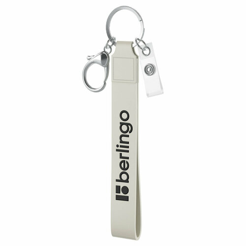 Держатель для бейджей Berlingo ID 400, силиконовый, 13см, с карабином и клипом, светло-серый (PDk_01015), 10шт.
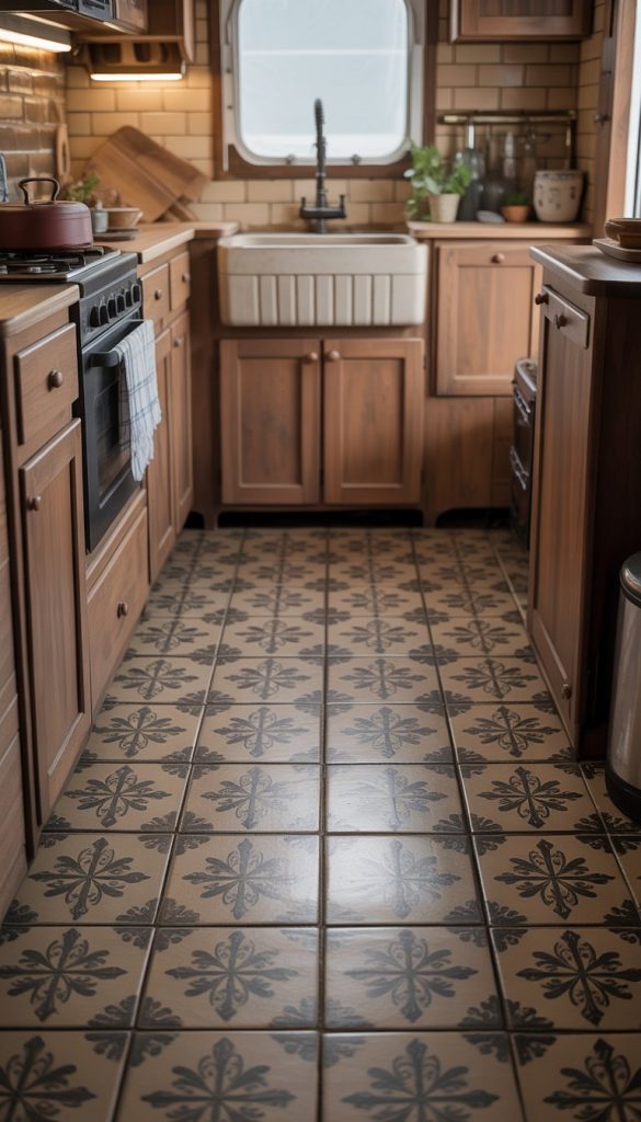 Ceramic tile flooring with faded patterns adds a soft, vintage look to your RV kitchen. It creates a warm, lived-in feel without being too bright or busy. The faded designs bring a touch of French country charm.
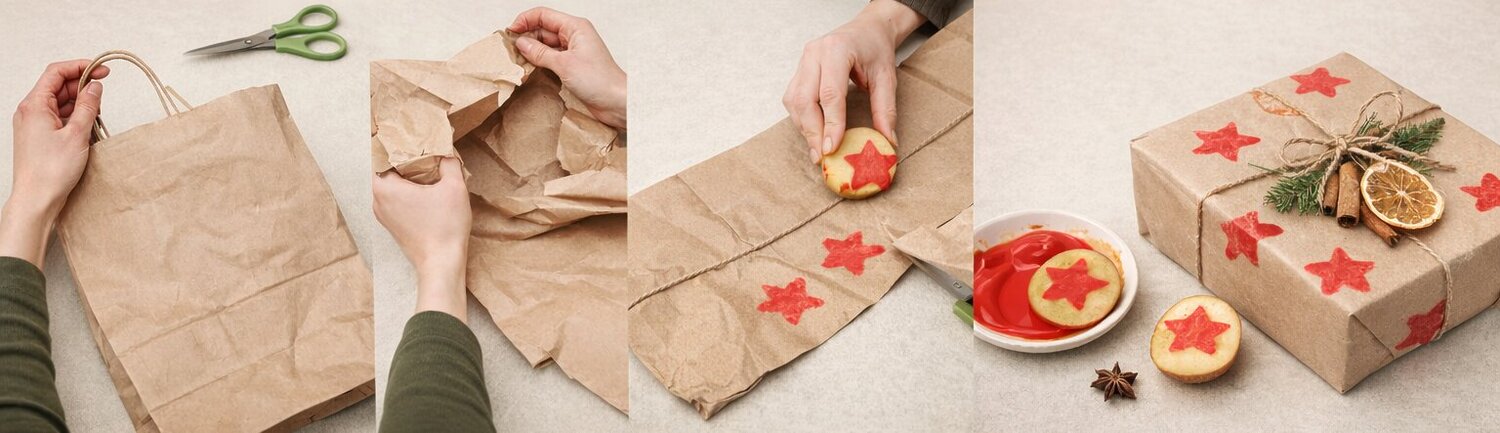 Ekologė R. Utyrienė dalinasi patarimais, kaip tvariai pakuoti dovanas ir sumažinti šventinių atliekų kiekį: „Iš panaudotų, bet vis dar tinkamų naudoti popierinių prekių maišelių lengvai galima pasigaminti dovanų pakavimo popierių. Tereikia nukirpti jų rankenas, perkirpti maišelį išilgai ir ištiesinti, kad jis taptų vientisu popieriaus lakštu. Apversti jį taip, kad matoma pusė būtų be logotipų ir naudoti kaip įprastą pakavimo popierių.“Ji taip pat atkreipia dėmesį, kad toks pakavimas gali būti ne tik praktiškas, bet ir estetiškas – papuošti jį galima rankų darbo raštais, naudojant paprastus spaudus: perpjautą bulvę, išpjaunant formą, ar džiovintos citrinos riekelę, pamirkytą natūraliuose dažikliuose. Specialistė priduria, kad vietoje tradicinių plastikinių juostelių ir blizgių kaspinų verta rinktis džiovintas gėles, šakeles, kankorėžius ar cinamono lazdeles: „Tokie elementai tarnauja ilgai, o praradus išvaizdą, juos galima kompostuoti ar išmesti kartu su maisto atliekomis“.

* **WORK ORDER**:
Reproduce exactly the lines from the beginning of the material down to the line containing "Ceramic tile flooring", both ends included, but not the pictures or anything after.

* **SOLUTION TO THIS EXERCISE**:
 Держатель для бейджей Berlingo ID 400, силиконовый, 13см, с карабином и клипом, светло-серый (PDk_01015), 10шт.
 Ceramic tile flooring with faded patterns adds a soft, vintage look to your RV kitchen. It creates a warm, lived-in feel without being too bright or busy. The faded designs bring a touch of French country charm.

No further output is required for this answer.